Efficiently Computing Significant Terms in SQL
I doubt a SQL impl will be faster.The values for C and T are maintained ahead of time by Lucene.S is a simple count derived from the query results and I is looked up using O(1) data structures. The main cost are the many T lookups for each of the terms observed in the chosen field. Using min_doc_count typically helps drastically reduce the number of these lookups.

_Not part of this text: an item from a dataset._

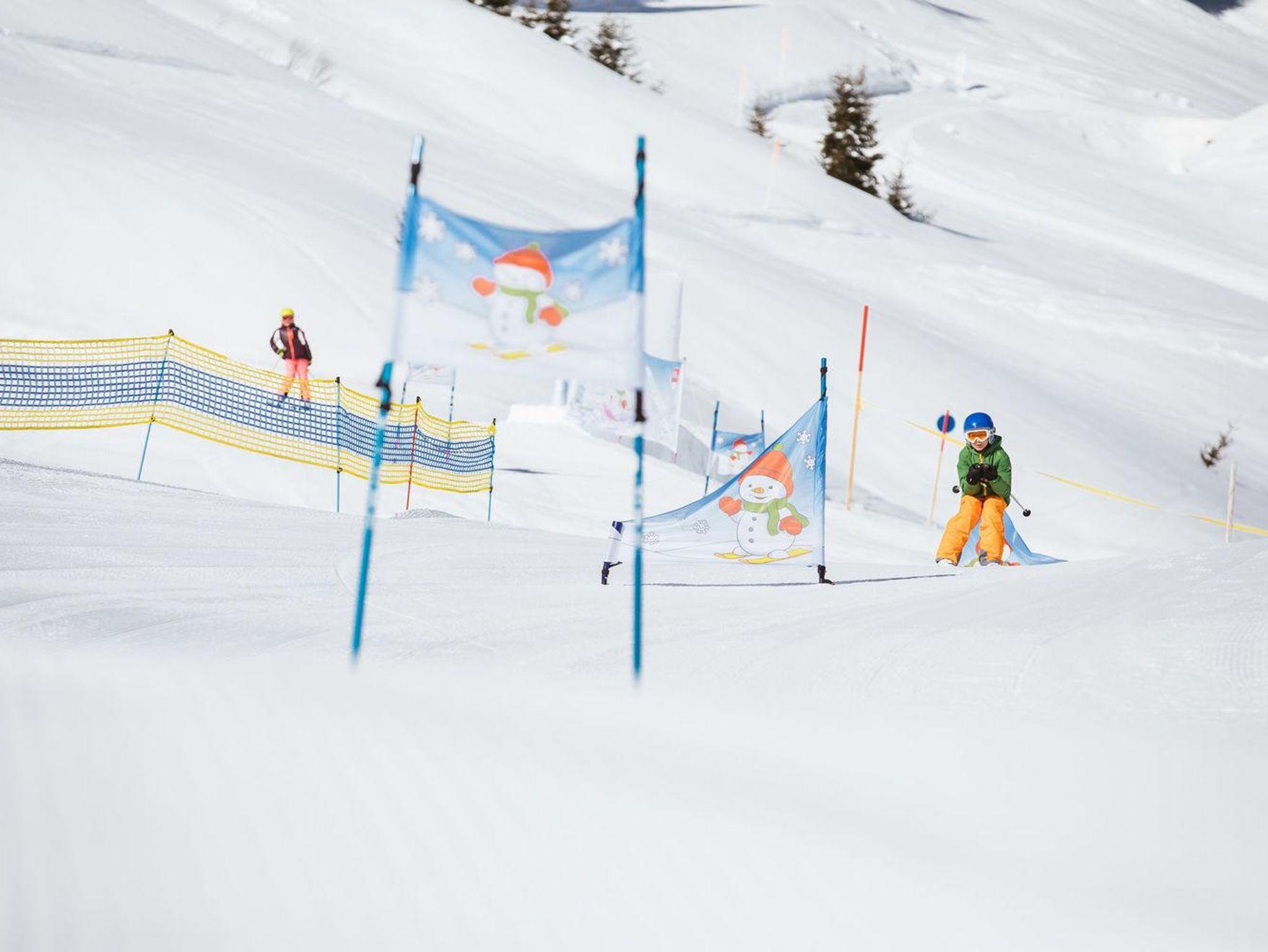 Für große und kleine Kinder gibt es zahlreiche Möglichkeiten, sich im Schnee rund ums Haus so richtig auszutoben!

For practical reasons (the sheer amount of data I have and huge ElasticSearch memory requirements
Have you looked into using doc values to manage elasticsearch memory better? See https://www.elastic.co/blog/support-in-the-wild-my-biggest-elasticsearch-problem-at-scale
An efficient solution is possible for the case when the foreground set is small enough. Then you can afford processing all documents in the foreground set.
Collect the set {Xk} of all terms occurring in the foreground set for the chosen field, as well as their frequencies {fk} in the foreground set.
For each Xk
- Calculate the significance of Xk as (fk - Fk) * (fk / Fk), where Fk=Tk/C is the frequency of Xk in the background set.
Select the terms with the highest significance values.
However, due to the simplicity of this approach, I wonder if ElasticSearch already contains that optimization. If it doesn't - then it very soon will!